So I sat there, trying to listen to the message, but not being able to. My fear kept me only thinking about death. But then, as fast as the dread hit me, it lifted and within seconds my fear was gone and replaced with the knowledge that in a few short months, we will be bringing home another child, another son. There was no question in my heart. We will be bringing home a child.

This roller-coaster of emotions is an almost every day occurrence. I'm freaking out one moment but a few moments later, I'm thinking of buying things for the baby or dreaming about our delivery, ending with a screaming, warm, slippery child in my arms. My emotions are all over the place.

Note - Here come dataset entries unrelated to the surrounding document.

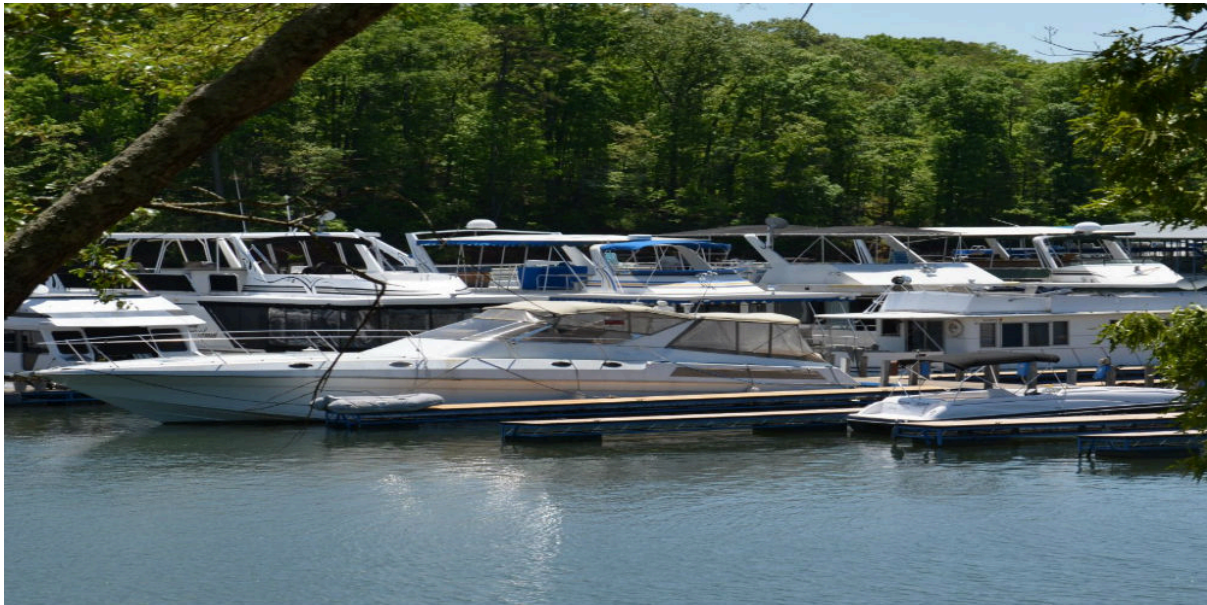
Lake Lanier Marina

From fuel docks to ship stores, marine repair to yacht sales, lakeside dining to boat rentals, Lake Lanier marinas have much more to offer than just boat slips.
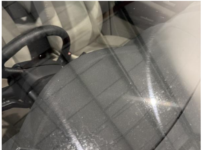
18: Screen Front Chipped UpTo 10mm
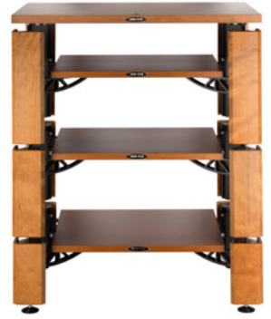
3-shelf-kit design example

Hybrid Wood building blocks: The Shelf-kit (shelves and extrusion) and corner pillars
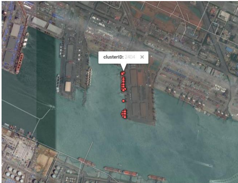
Fig. 3. A clusters of mooring points, belonging to a berth

We have mined ships' mooring positions base on AIS data, including position, speed and status. Each position was represented as a grid of 0.6 second longitude by 0.6 second latitude, and the membership that each grid belonged to a berth was calculated separately according to tracks located in this grid using fuzzy inference. After that, we clustered mooring positions into berths using DBSCAN, taking multiple attributes of positions into consideration in the function of distance. An example of a clustered berth is demonstrated in Fig. 3.
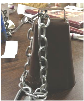
3 new brown bell

The cow bell rules are: If you get stuck and are unable to move under your own power and need the help of a winch or you get strapped from one of your fellow jeepers then you have earned the privilege of hanging a cow bell from your front bumper. You must leave the cow bell on the front of your rig until another Dirt Devil gets stuck then, you can proudly hand it over.
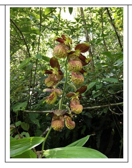
Photo of the Month: Cypripedium subtropicum in situ

Tim Choltco of Orchid Society of Western PA
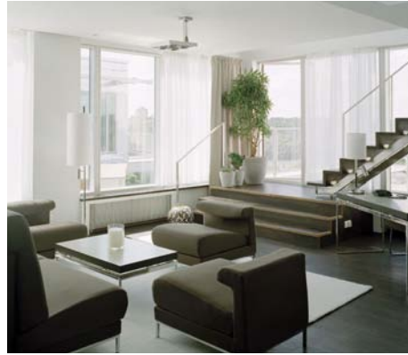
Clarion Hotel Stockholm
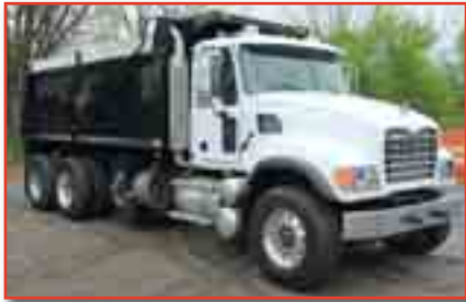
(1) OF (13) MACK CV713

1440 COWPATH RD. • HATFIELD, PA 19440 215/361-9099 • Fax: 215/361-9212 www.hunyady.com
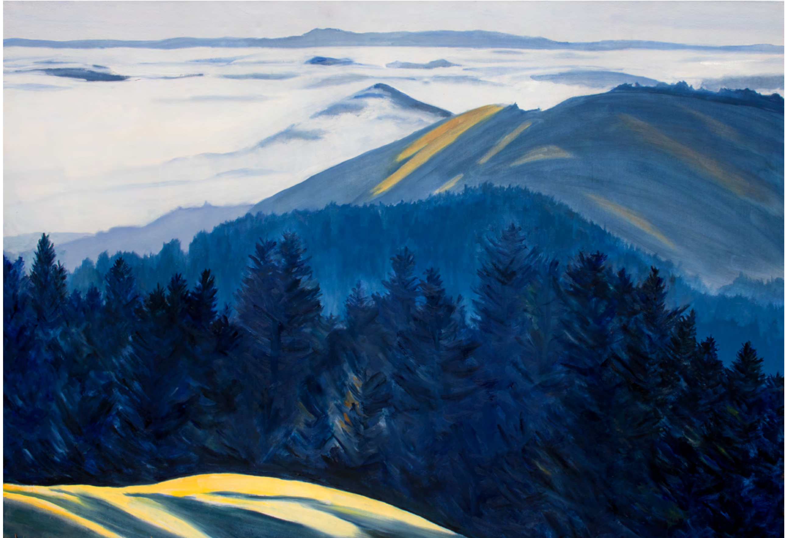
View from Mount Tamalpais 2016 60 x 40 inches Oil on Canvas

Life is all around me, but so is death. Another mama from my OB-GYN's office lost a baby full term a few weeks ago. Just Thursday I met a woman who's friend lost her child at 25 weeks about 6 weeks ago. It surrounds me. Infertility, miscarriages, stillbirths. There is so much pain. But there is so much happiness too. I'm in an up-down ride that at times makes me nauseous. I can't wait for this all to be done.

I'm thinking of purchasing a doppler for my own ease of mind. I was talked out of it with Asher, but now, I think it could really help. Just knowing when I don't feel movement, that he's still OK in there...though I know it can be hard to find the little heartbeat sometimes, I still think it may bring me some calm moments.